But really, it is a crazy time. A lot of it at the moment is about scenario planning. The Six Nations Championship takes place in February and March each year. The pandemic struck mid-tournament. So in the end we had to postpone four matches that we are aiming to replay in the autumn of this year. How do we get those four international Rugby matches and shoehorn them into what will be a new Rugby season, recognising that there is a number of different rights holders who are also looking to reschedule? The sporting calendar this autumn is already looking congested with things getting postponed in the first half of the year and being pushed into the second half.

The other big thing is that Rugby has traditionally been split between the northern and southern hemisphere. The two respective calendars don’t dovetail neatly, which leads to conflict, often between clubs and countries. Because of what’s gone on, because of Coronavirus creating an artificial pause for the sport across the board, this has given us the opportunity to take a step back and understand if this dreadful thing that’s happened can act as a potential catalyst for change and a realignment of the calendar on a global level to make it work a bit better for everybody, so that fans win, the players win, the commercial partners win and everyone gets a bit more out of it.

GC: On the subject of using COVID-19 as a catalyst for positive change – with so many organisations around the world being involved in the work you do, have you found other entities’ priorities aligning more in the current environment?
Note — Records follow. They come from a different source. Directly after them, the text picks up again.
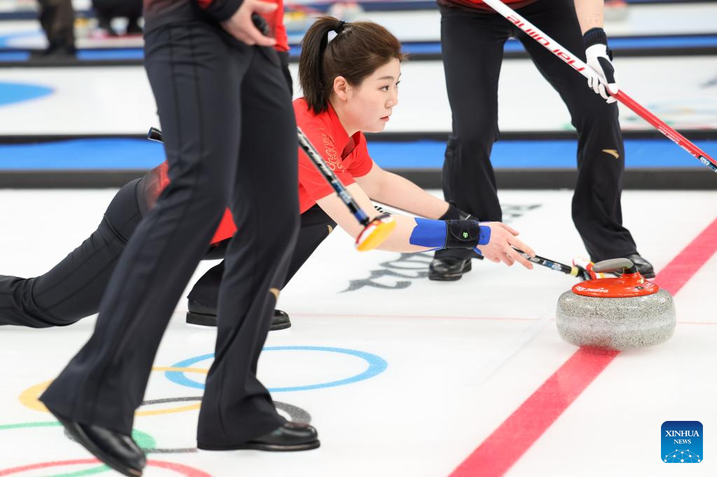 Zhang Lijun of China curls the stone during the Curling Women's Round Robin Session 2 of the Beijing 2022 Winter Olympics between China and Switzerland at the National Aquatics Centre in Beijing, capital of China, Feb. 10, 2022. (Xinhua/Lan Hongguang)
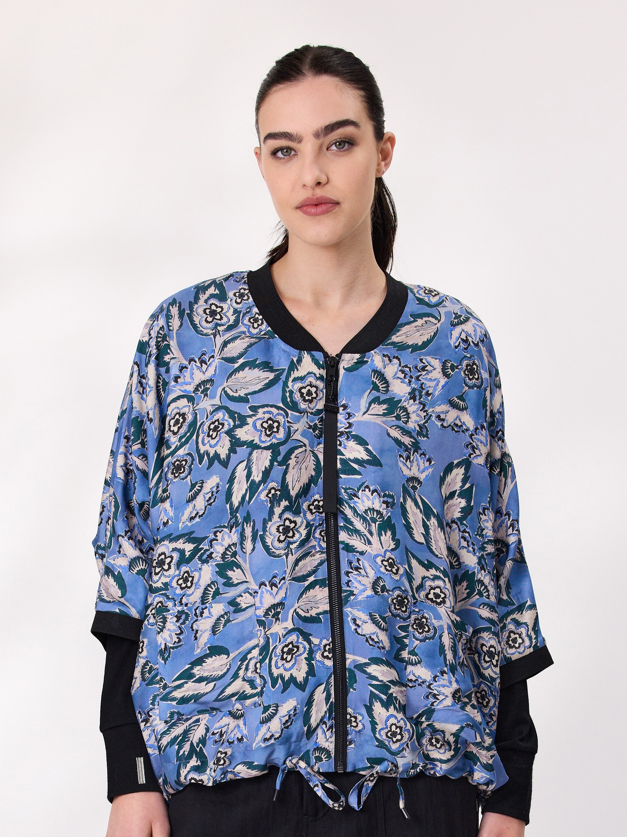 Add a touch of elegance to your wardrobe with the Delphi jacket. Featuring a vibrant print, this jacket is finished with black ribbed neck band and cuffs for a sleek contrast.The front zipper closure offers easy wearability, while side pockets provide everyday convenience.
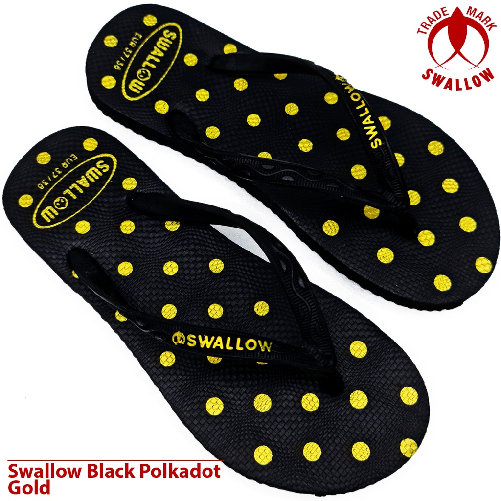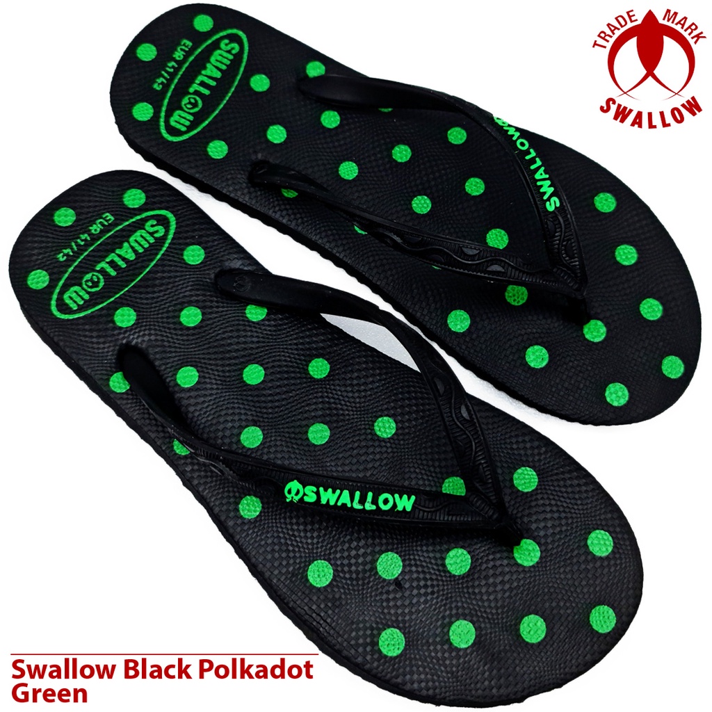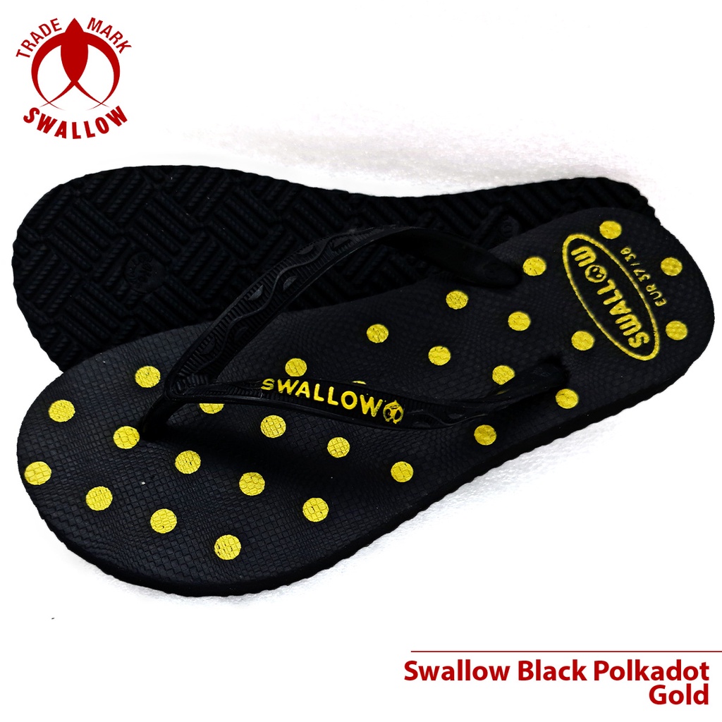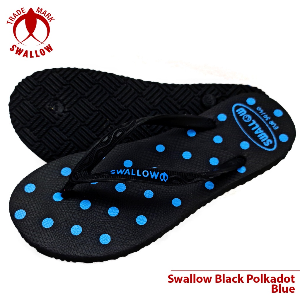 Sandal Jepit Karet Wanita Swallow Black Polkadot - Flip Flop Sandal perempuan Terbaru - Sandal Jepit BLACK PINK POLKADOT Dan Warna Lain Anti Slip [SWLTRAD 03]
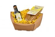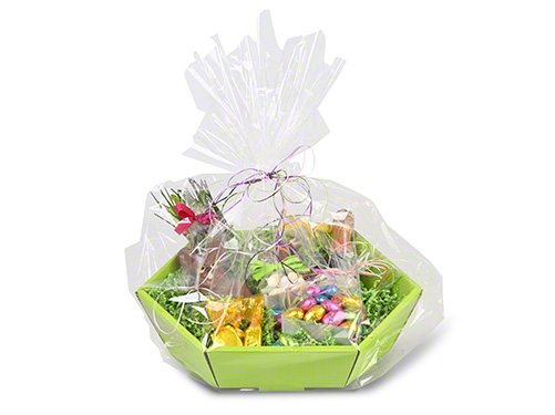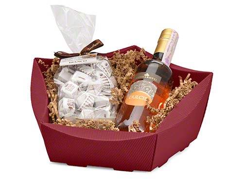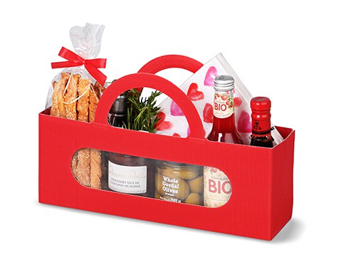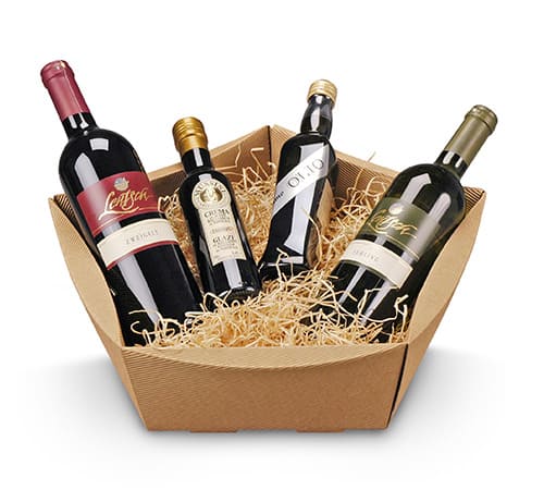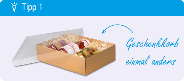 Unser erster Tipp setzt beim Grundlegendsten an: Die Bezeichnung «Geschenkkorb» kann frei interpretiert werden! Statt des klassischen Korbes eignen sich auch Geschenktaschen, -boxen oder -schachteln, um verschiedene Produkte darin stimmungsvoll zu arrangieren. Mit einen transparenten Sichtfenster wird der Blick auf den Inhalt freigegeben, was sich bestens für Feinkost- oder Flaschen-Geschenke eignet. Der integrierte Tragegriff garantiert zudem einen bequemen und sicheren Transport.
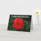 Une rose rouge vif vient avec le message de "Félicitations" sur cette belle carte de voeux
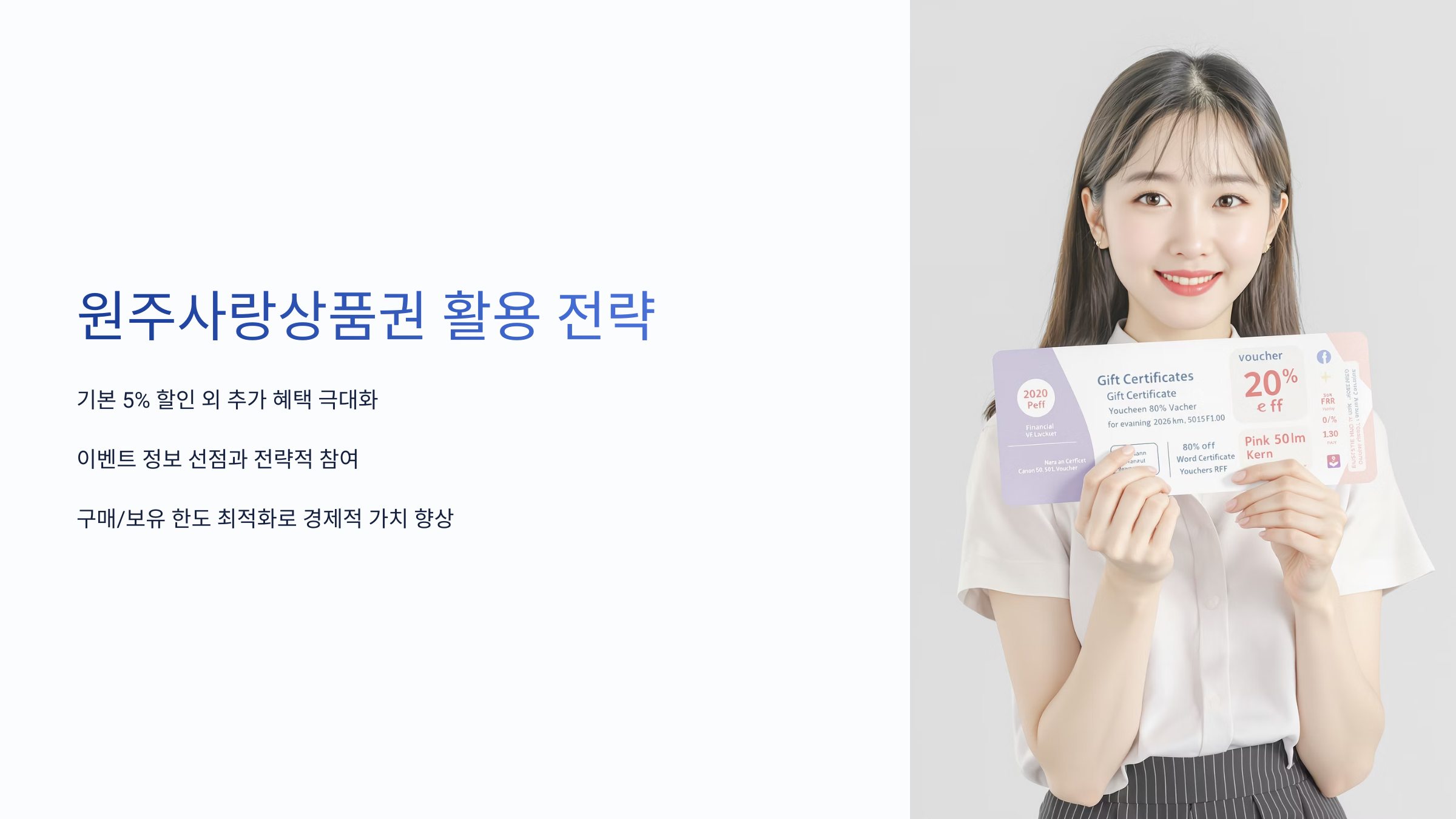 다음은 이벤트 활용 및 한도 최적화를 통해 원주사랑상품권 혜택을 극대화하는 전략입니다.

JS: Let’s start with the positives. I’d like to think that this has made everyone a bit more human; a bit more cognisant of the fact that we are all quite fragile. This has been a real leveller in terms of everyone realising that there’s more to life than the grind that everyone has been caught up in. In that regard, there’s been some positivity.

I think that sports have realised that it’s quite a small ecosystem and ultimately, we all rely on one thing: sport being able to be played. If it isn’t then there’s no product to monetise and enjoy.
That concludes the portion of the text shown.